To say with the hands, a couple is at an angular displacement what a force is at a displacement quite short. I confuse, like many Mechanics, the notion of torque with that of moment. The only difference is that a couple is produced by a system of forces whose sum (vectorially speaking) is zero, which is generally not the case for a moment. A good example of torque is the one you need to produce to screw a spare wheel with a cross: your two arms exert two forces equal in intensity and direction, but opposite in direction.
We calculate the moment of a force with respect to a point by taking the product of the force by the lever arm passing through this point. From a mathematical point of view, this amounts to performing what is called a cross product between the lever arm vector and the force vector concerned. A couple is generally signed: by convention, the sign is denoted plus when the force "turns" around the point in a counterclockwise direction (counterclockwise) and negative otherwise. Often a positive torque is considered as driving torque, and a negative torque as resistant: this is somewhat the case with the Worcester wheel.
Indeed, my sheet shows that at any angle does not necessarily correspond to a zero torque: according to this angle, we have positive or negative values. If you plot the torque as a function of the angle, you will see that it is a periodic function (with a period of 9 °) and perfectly symmetrical with respect to the x-axis - it is in fact a tooth function of triangular saw. What it means physically: there are a series of particular angles (there are exactly 40) for which the torque is zero. If we position the wheel at one of these angles, it will not rotate: it will be in equilibrium. If, on the other hand, you position the wheel at another angle, then the wheel will start to rotate, then oscillate around the nearest point of equilibrium, until it stabilizes at this point of equilibrium.
FYI, I recently modified this sheet to take into account perfectly square compartments rather than trapezoidal compartments, in order to comply with a directive from Jim Hackenberger. The result is surprising this time: the torque produced by the weight arrangement is zero for any angle. The wheel is therefore always in equilibrium, whatever the angular position imposed on it.

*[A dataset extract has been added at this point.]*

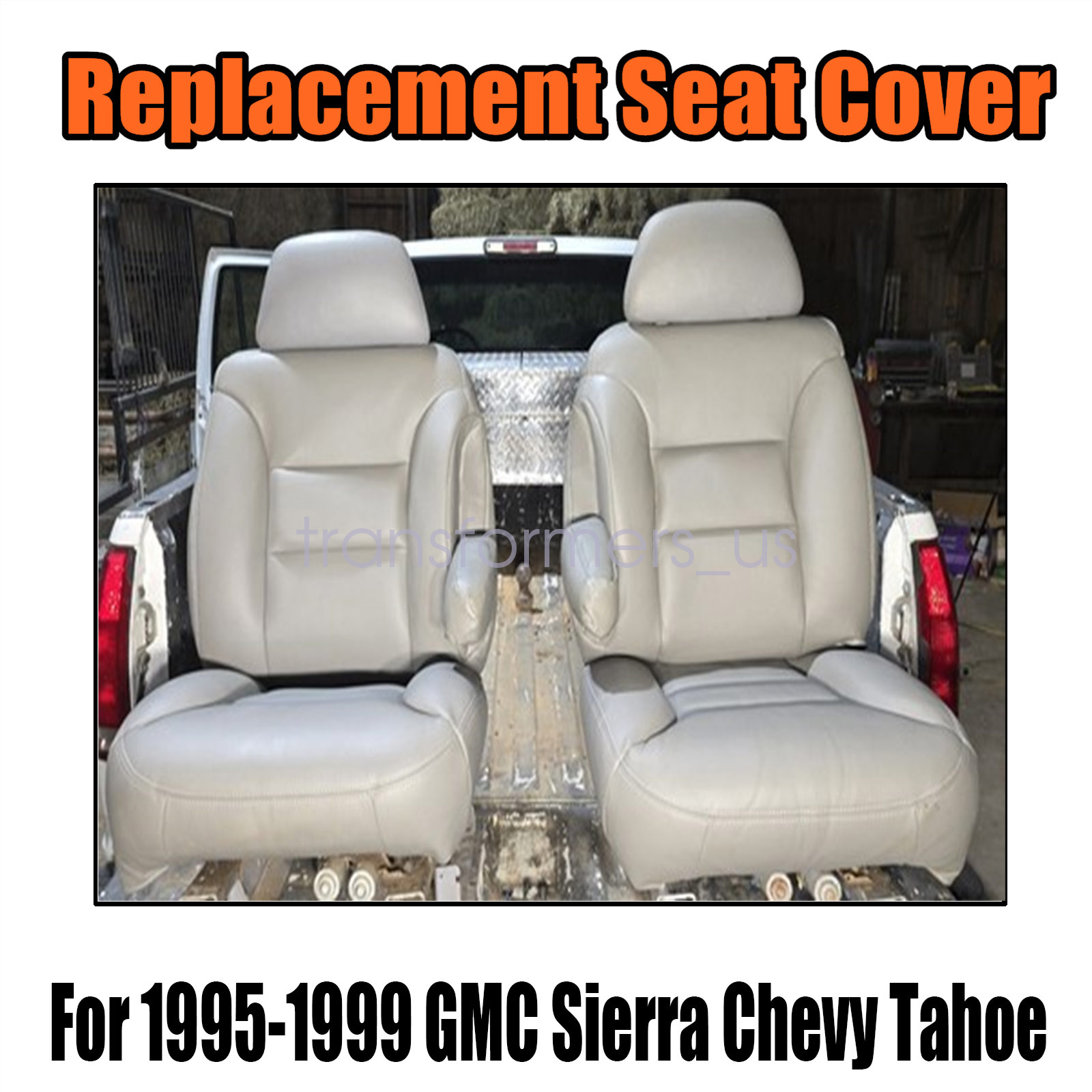 For 1995 1996 1997 1998 1999 Chevrolet/GMC Tahoe, Suburban, Silverado & Sierra, Yukon Driver Passenger Bottom Top Lean Back Replacement Leather Seat Cover Pewter Gray Color Code132

Exactly, the concept of time is not explicitly present, for the reason that I worked in static. If we consider that the wheel behaves as static (so no dynamic effects, which are mainly in the swing of the weights and in the oscillations of the wheel) nothing prevents you from writing that the angle of the wheel theta = RPM * pi / 30 * t where t is the time in seconds. (RPM = revolutions per minute). In this case, the driving power of the wheel as a function of time is equal to the product Torque [theta (t)] * RPM * pi / 30. As it is nothing but the product of the couple by a constant, it means that the power of the wheel which is driving on half of the angular sector of 9 ° becomes very exactly resistant on the other half. Your wheel neither produces nor consumes anything; in fact, it consumes what it produces. This is the best case: in reality, since there is friction on the axle, your wheel will consume more than it will produce, which, of course, was not the desired effect at the start.
What difference do you make between 1000g and 1kg?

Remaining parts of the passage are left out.